§ **Task directions**
Write the listing out again word for word. Pictures do not belong in the copy.

§ **Entries supplied**
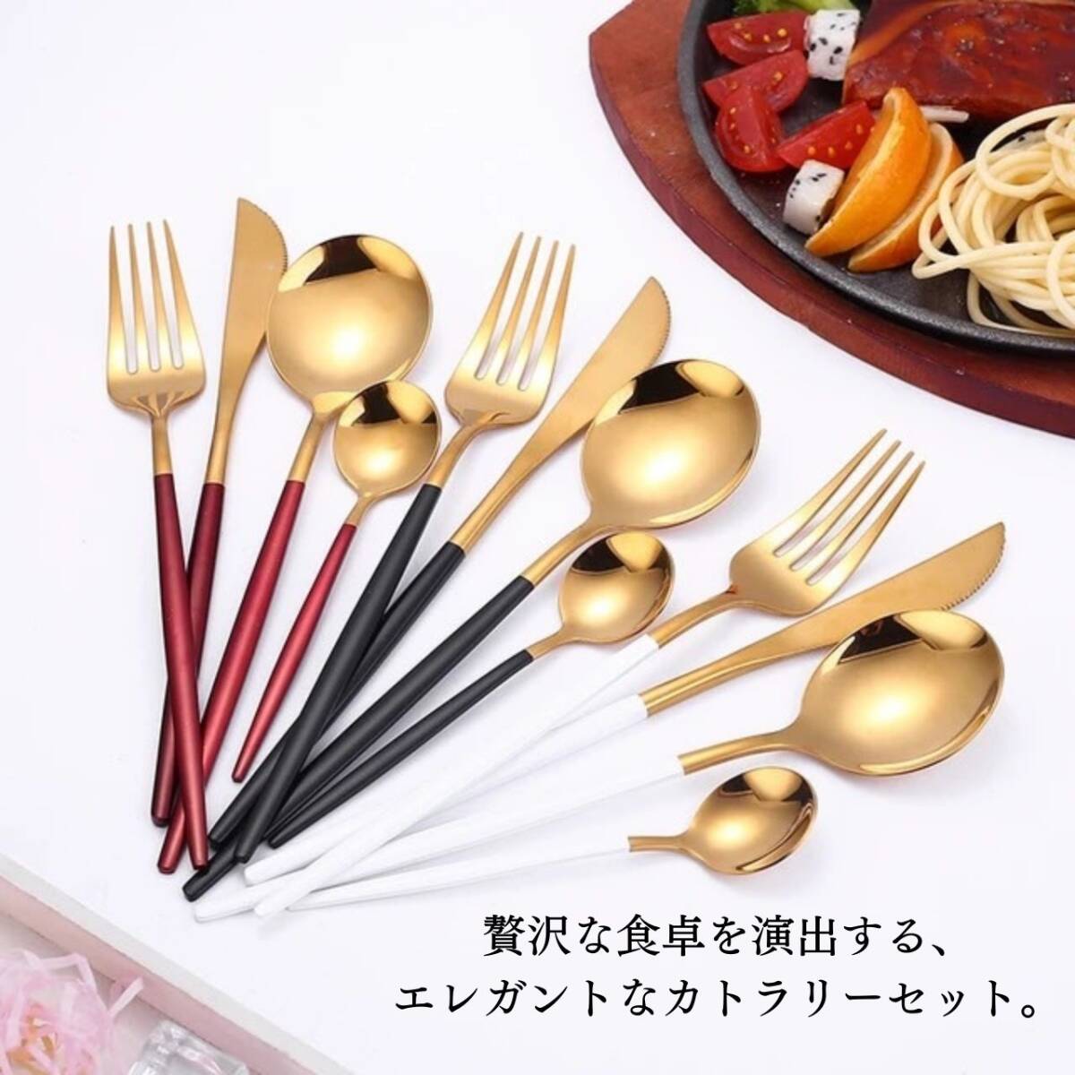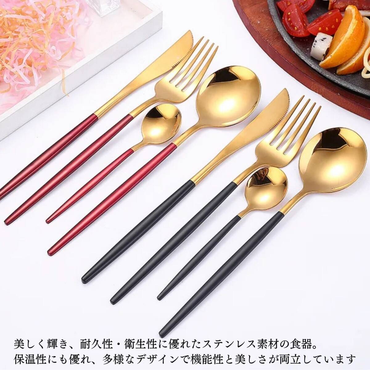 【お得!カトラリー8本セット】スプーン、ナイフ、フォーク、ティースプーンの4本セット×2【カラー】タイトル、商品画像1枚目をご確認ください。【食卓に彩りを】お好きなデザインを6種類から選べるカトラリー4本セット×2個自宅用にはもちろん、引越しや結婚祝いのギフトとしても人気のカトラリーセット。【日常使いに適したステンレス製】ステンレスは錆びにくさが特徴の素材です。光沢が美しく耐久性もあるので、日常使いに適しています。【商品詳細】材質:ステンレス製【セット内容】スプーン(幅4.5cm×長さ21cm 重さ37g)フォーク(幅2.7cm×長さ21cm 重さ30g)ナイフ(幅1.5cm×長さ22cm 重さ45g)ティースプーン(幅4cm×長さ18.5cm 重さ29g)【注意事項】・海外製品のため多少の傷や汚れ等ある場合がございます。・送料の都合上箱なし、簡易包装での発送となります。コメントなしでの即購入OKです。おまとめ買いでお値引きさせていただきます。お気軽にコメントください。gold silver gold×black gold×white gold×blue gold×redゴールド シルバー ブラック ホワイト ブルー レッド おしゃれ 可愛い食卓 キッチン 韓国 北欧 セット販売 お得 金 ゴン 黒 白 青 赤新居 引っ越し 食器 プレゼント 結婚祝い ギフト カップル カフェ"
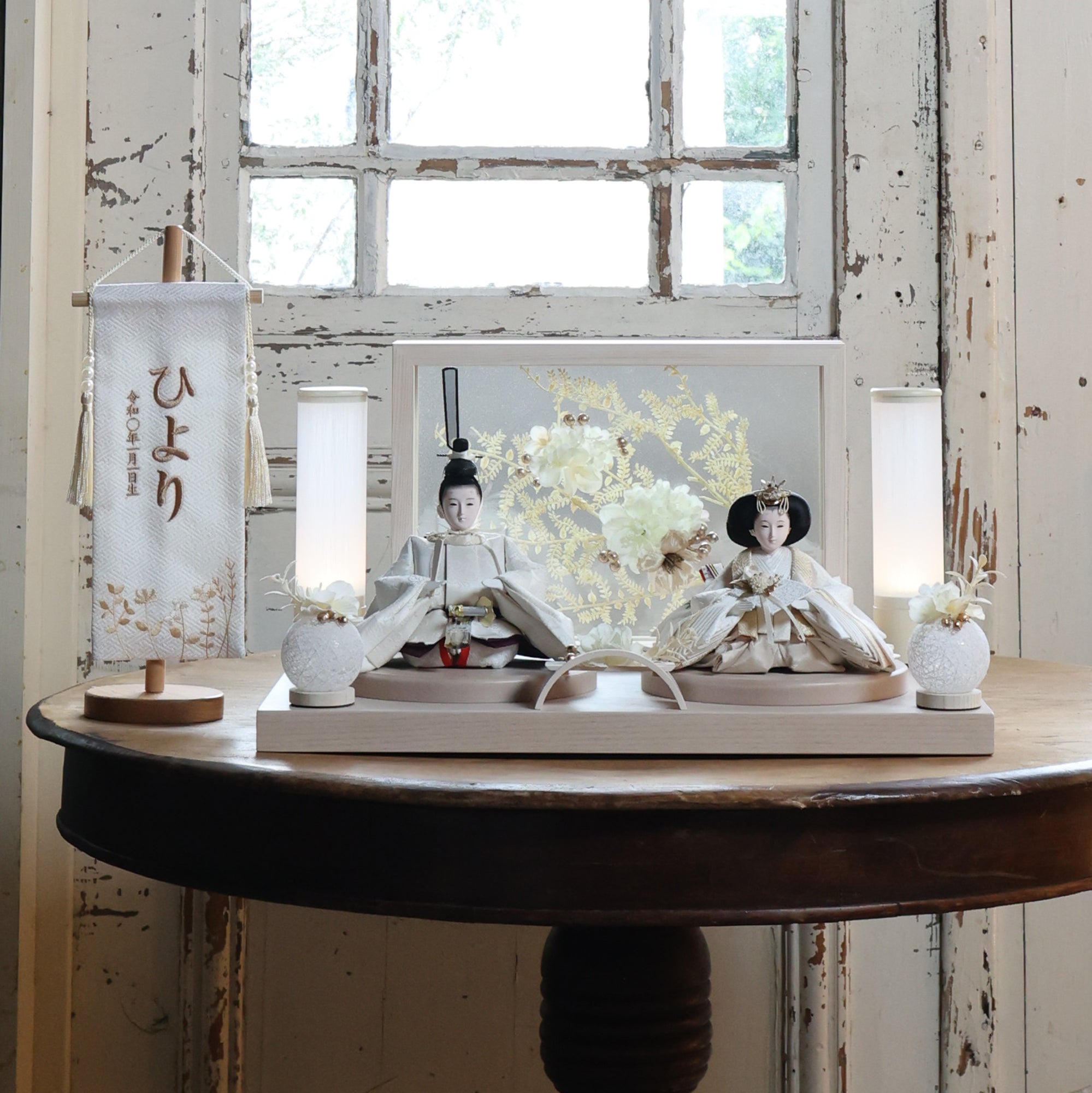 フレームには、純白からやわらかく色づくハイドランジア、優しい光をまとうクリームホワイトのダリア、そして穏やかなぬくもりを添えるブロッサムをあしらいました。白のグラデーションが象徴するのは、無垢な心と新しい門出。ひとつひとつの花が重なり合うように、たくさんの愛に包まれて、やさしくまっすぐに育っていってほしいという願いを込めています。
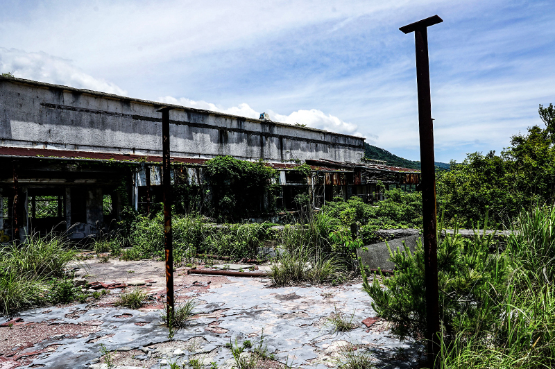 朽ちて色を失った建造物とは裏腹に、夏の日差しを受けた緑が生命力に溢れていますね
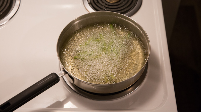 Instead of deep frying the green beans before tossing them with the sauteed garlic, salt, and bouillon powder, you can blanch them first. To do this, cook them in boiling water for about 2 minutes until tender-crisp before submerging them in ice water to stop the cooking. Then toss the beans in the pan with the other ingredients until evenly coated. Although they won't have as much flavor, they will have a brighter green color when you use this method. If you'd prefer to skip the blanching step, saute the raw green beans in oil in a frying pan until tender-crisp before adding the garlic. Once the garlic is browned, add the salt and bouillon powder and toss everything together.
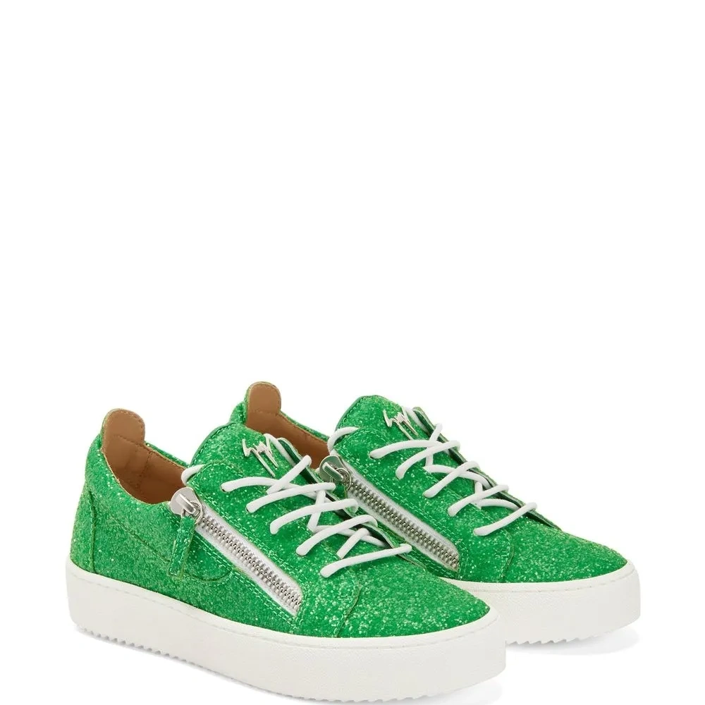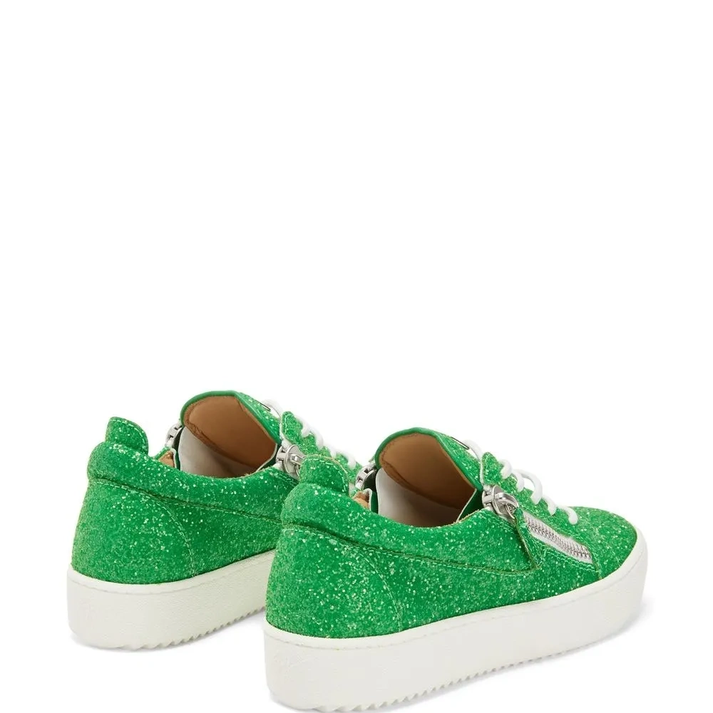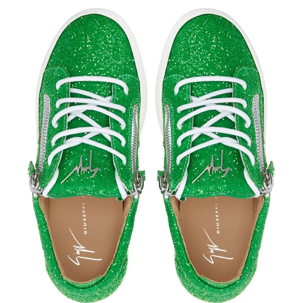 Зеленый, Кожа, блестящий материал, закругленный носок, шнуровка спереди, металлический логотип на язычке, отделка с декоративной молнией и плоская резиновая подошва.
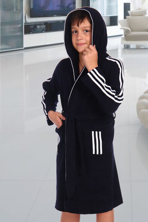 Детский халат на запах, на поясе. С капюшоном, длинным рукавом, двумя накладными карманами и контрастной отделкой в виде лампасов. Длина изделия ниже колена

§ **Written response**
 【お得!カトラリー8本セット】スプーン、ナイフ、フォーク、ティースプーンの4本セット×2【カラー】タイトル、商品画像1枚目をご確認ください。【食卓に彩りを】お好きなデザインを6種類から選べるカトラリー4本セット×2個自宅用にはもちろん、引越しや結婚祝いのギフトとしても人気のカトラリーセット。【日常使いに適したステンレス製】ステンレスは錆びにくさが特徴の素材です。光沢が美しく耐久性もあるので、日常使いに適しています。【商品詳細】材質:ステンレス製【セット内容】スプーン(幅4.5cm×長さ21cm 重さ37g)フォーク(幅2.7cm×長さ21cm 重さ30g)ナイフ(幅1.5cm×長さ22cm 重さ45g)ティースプーン(幅4cm×長さ18.5cm 重さ29g)【注意事項】・海外製品のため多少の傷や汚れ等ある場合がございます。・送料の都合上箱なし、簡易包装での発送となります。コメントなしでの即購入OKです。おまとめ買いでお値引きさせていただきます。お気軽にコメントください。gold silver gold×black gold×white gold×blue gold×redゴールド シルバー ブラック ホワイト ブルー レッド おしゃれ 可愛い食卓 キッチン 韓国 北欧 セット販売 お得 金 ゴン 黒 白 青 赤新居 引っ越し 食器 プレゼント 結婚祝い ギフト カップル カフェ"
 フレームには、純白からやわらかく色づくハイドランジア、優しい光をまとうクリームホワイトのダリア、そして穏やかなぬくもりを添えるブロッサムをあしらいました。白のグラデーションが象徴するのは、無垢な心と新しい門出。ひとつひとつの花が重なり合うように、たくさんの愛に包まれて、やさしくまっすぐに育っていってほしいという願いを込めています。
 朽ちて色を失った建造物とは裏腹に、夏の日差しを受けた緑が生命力に溢れていますね
 Instead of deep frying the green beans before tossing them with the sauteed garlic, salt, and bouillon powder, you can blanch them first. To do this, cook them in boiling water for about 2 minutes until tender-crisp before submerging them in ice water to stop the cooking. Then toss the beans in the pan with the other ingredients until evenly coated. Although they won't have as much flavor, they will have a brighter green color when you use this method. If you'd prefer to skip the blanching step, saute the raw green beans in oil in a frying pan until tender-crisp before adding the garlic. Once the garlic is browned, add the salt and bouillon powder and toss everything together.
 Зеленый, Кожа, блестящий материал, закругленный носок, шнуровка спереди, металлический логотип на язычке, отделка с декоративной молнией и плоская резиновая подошва.
 Детский халат на запах, на поясе. С капюшоном, длинным рукавом, двумя накладными карманами и контрастной отделкой в виде лампасов. Длина изделия ниже колена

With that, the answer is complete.